Kadına yönelik şiddet ülkemizde şu sıralar en önemli gündem maddesi. Kadına yönelik şiddetin nasıl önüne geçileceği tartışılıyor uzunca süredir. Sadece bize has bir sorun değil kuşkusuz kadına şiddet konusu. Hatta kimi ülkelerdeki tabloya bakılınca Türkiye’nin bu anlamda nispeten daha insaflı bir yerde durduğunu söylemek mümkün.
Mesela Hindistan... Geçen ay Hindistan kamuoyunu sarsan bir hadise yaşandı. Hindistanlı kız öğrencinin otobüste toplu tecavüze uğraması dünya medyasında da büyük yankı uyandırdı. Hindistan’da kadın olmanın zorluklarına ilişkin yayınlanan istatistikler vesilesiyle dünyanın en kalabalık nüfusa sahip ikinci ülkesinde kadın olmanın ne anlama geldiğini öğrenmiş olduk. Hindistan’daki kadına yönelik algı, şiddet gerçekten tüyler ürpertici.
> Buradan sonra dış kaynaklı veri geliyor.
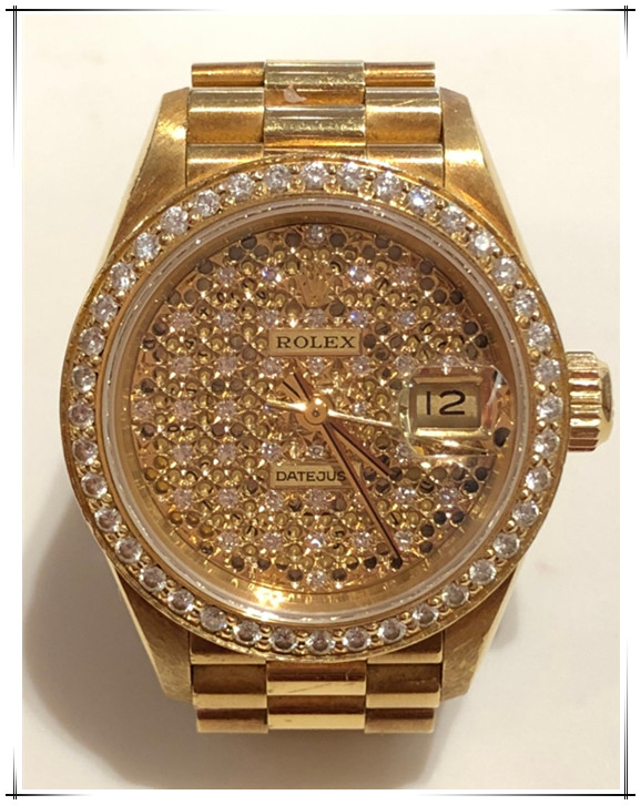 上圖為ROLEX DAY-DATE 型號:18238 金盤鑽圈數字時標 - 「紅蟳」= 土豪味濃、過度華麗的隱喻

Hindistan’da kadına şiddet daha anne karnında başlıyor. Zira kız çocukları henüz dünyaya gelmeden canına kıyılıyor. Çocuklarının kız olacağını öğrenen aileler soluğu kürtaj masasında alıyor. Ülkede kız çocuklarının dünyaya gelmeden öldürülmesi ultrason teknolojisinin gelişmesiyle inanılmaz derecede yaygınlaşmış. Başbakan Manmohan Singh’in “ulusal utanç” diye tanımladığı, ‘cenin cinayeti’ kâbusu yüzünden 1.2 milyar nüfusla dünyanın 2. en büyük ülkesi Hindistan’da 7 yaş altı kız ve erkek çocuk farkının 7 milyon olduğu belirtiliyor. Hindistan devletinin cinsiyet belirleme yöntemlerini, imkanlarını yasaklaması 244 milyon dolarlık bir merdivenaltı cinsiyet belirleme sektörünü ortaya çıkartmış.
İstatistikler, şansı yaver gidip dünyaya gelebilen kız çocuklarının önemli bir kısmının özellikle 10-17 yaşlarına geldiğinde kaçırılıp satıldığını gösteriyor. Ülkede 25-50 milyon kadının kaybolduğu tahmin ediliyor. 2011’de yüzde 43’lük artışla 35 bin çocuk kaçırma vakası kaydedilmiş. Kaçırılma olaylarının yarısından çoğunun polise bildirilmediği biliniyor. Tahminler kaçırılan kız çocuklarının yılda 100 bini bulduğu yönünde.